## Exercise description
For this exercise, output the entries below exactly from the line that holds "dogClass=Dog.class; Constructor>[] cons" to the line that holds "A tányér forgatható, így", both ends included. No pictures belong in the copy.

## Data supplied

━━━━━━━━━━━━━━━━━━━━

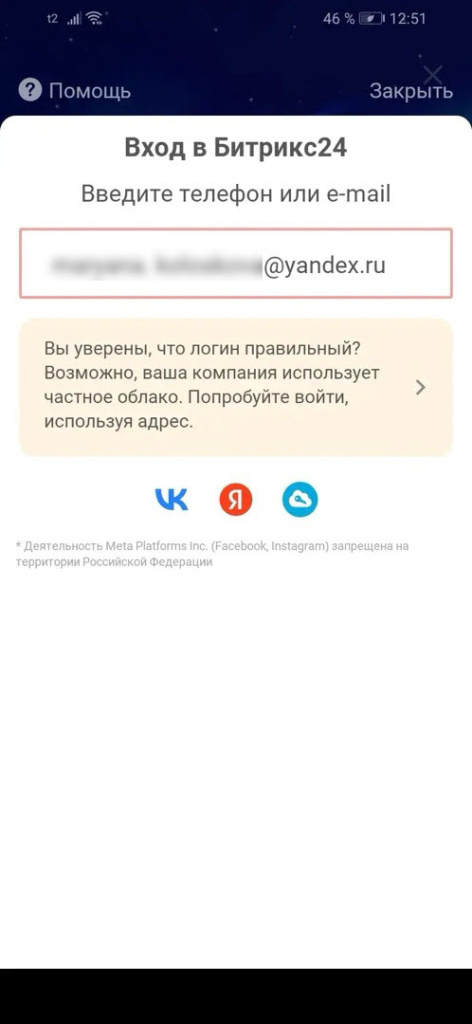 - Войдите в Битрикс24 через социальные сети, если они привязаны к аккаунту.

━━━━━━━━━━━━━━━━━━━━

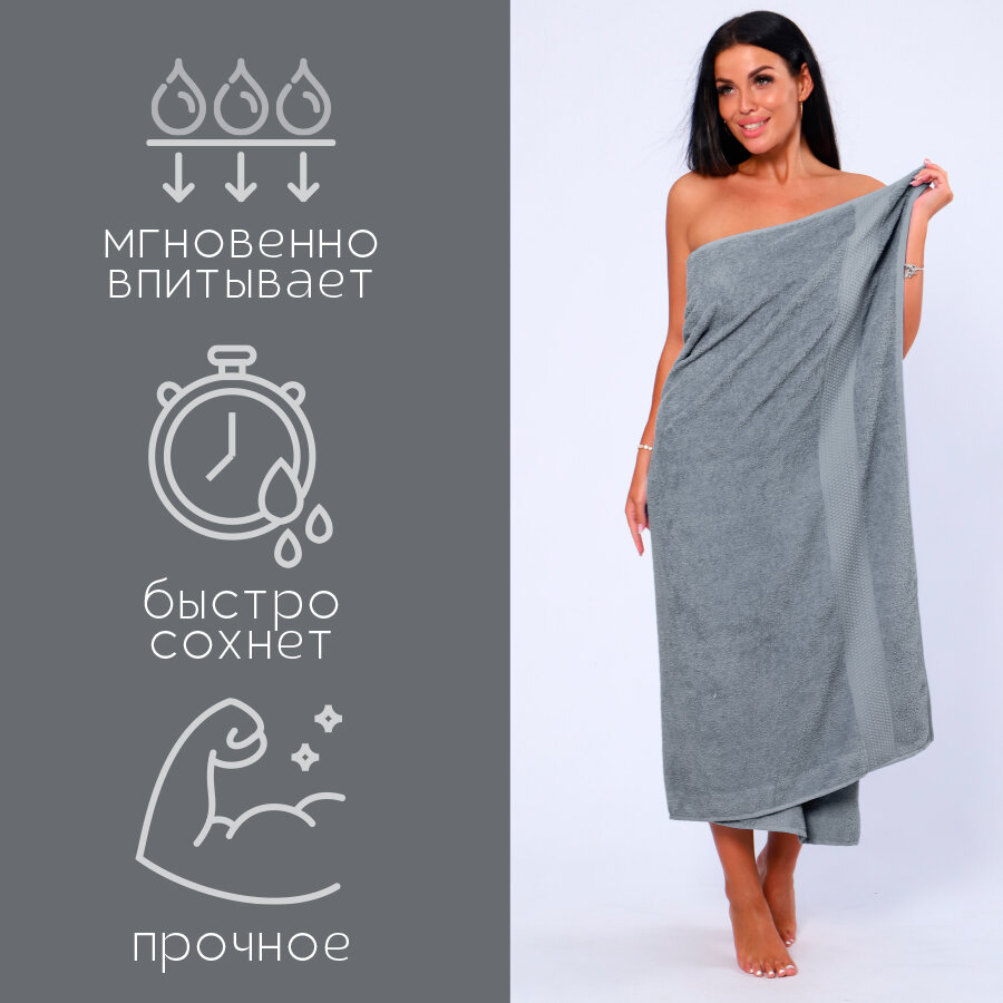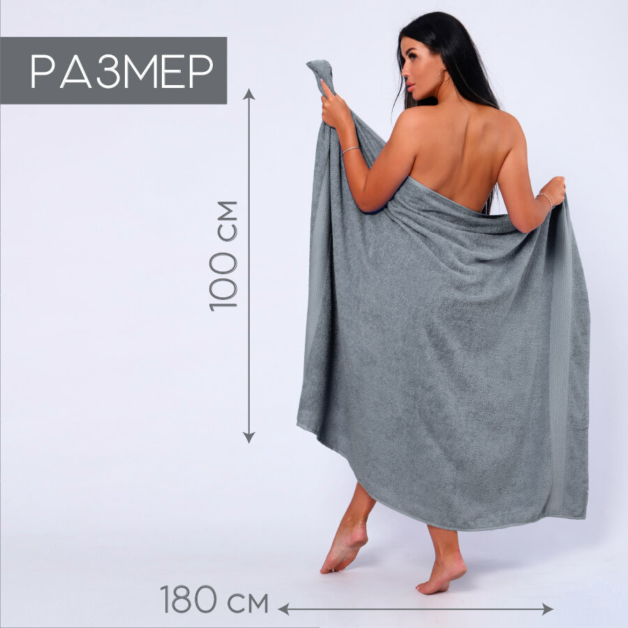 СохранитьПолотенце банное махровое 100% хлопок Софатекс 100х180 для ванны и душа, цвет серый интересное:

━━━━━━━━━━━━━━━━━━━━

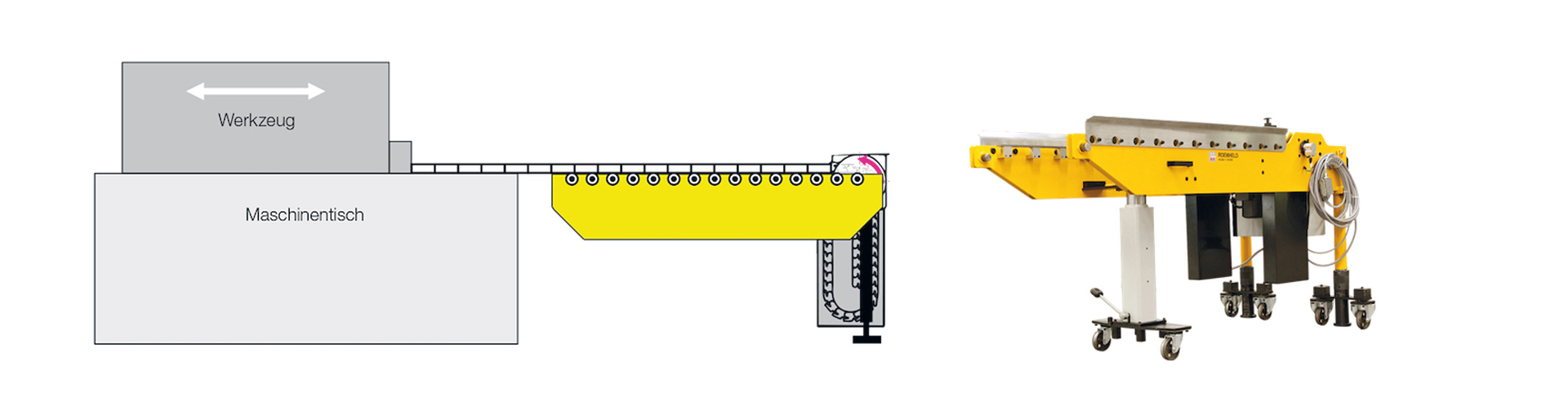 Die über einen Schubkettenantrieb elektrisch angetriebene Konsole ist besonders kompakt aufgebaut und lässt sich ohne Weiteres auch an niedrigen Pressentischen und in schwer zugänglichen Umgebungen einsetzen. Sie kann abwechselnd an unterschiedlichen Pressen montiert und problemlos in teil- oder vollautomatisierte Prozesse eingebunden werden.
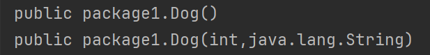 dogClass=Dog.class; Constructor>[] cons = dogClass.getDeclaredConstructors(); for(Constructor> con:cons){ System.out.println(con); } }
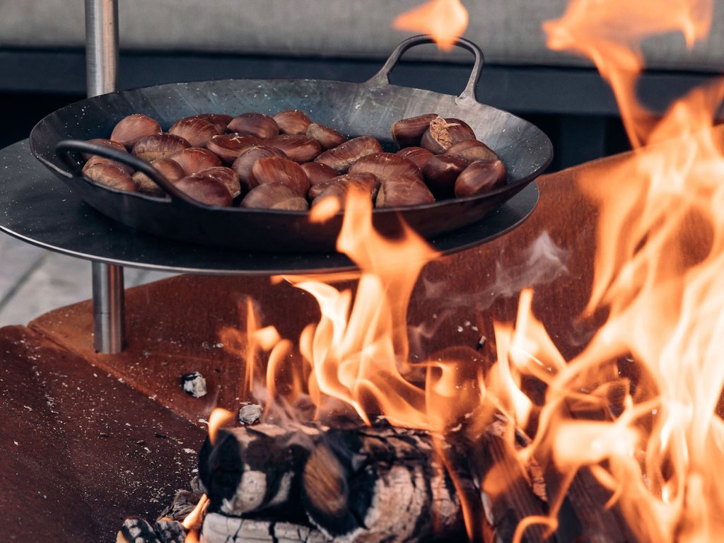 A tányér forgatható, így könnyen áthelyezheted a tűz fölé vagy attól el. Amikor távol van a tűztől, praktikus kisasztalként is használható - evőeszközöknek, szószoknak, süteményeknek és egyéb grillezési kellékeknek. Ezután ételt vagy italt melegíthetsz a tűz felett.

━━━━━━━━━━━━━━━━━━━━

## Task result
 dogClass=Dog.class; Constructor>[] cons = dogClass.getDeclaredConstructors(); for(Constructor> con:cons){ System.out.println(con); } }
 A tányér forgatható, így könnyen áthelyezheted a tűz fölé vagy attól el. Amikor távol van a tűztől, praktikus kisasztalként is használható - evőeszközöknek, szószoknak, süteményeknek és egyéb grillezési kellékeknek. Ezután ételt vagy italt melegíthetsz a tűz felett.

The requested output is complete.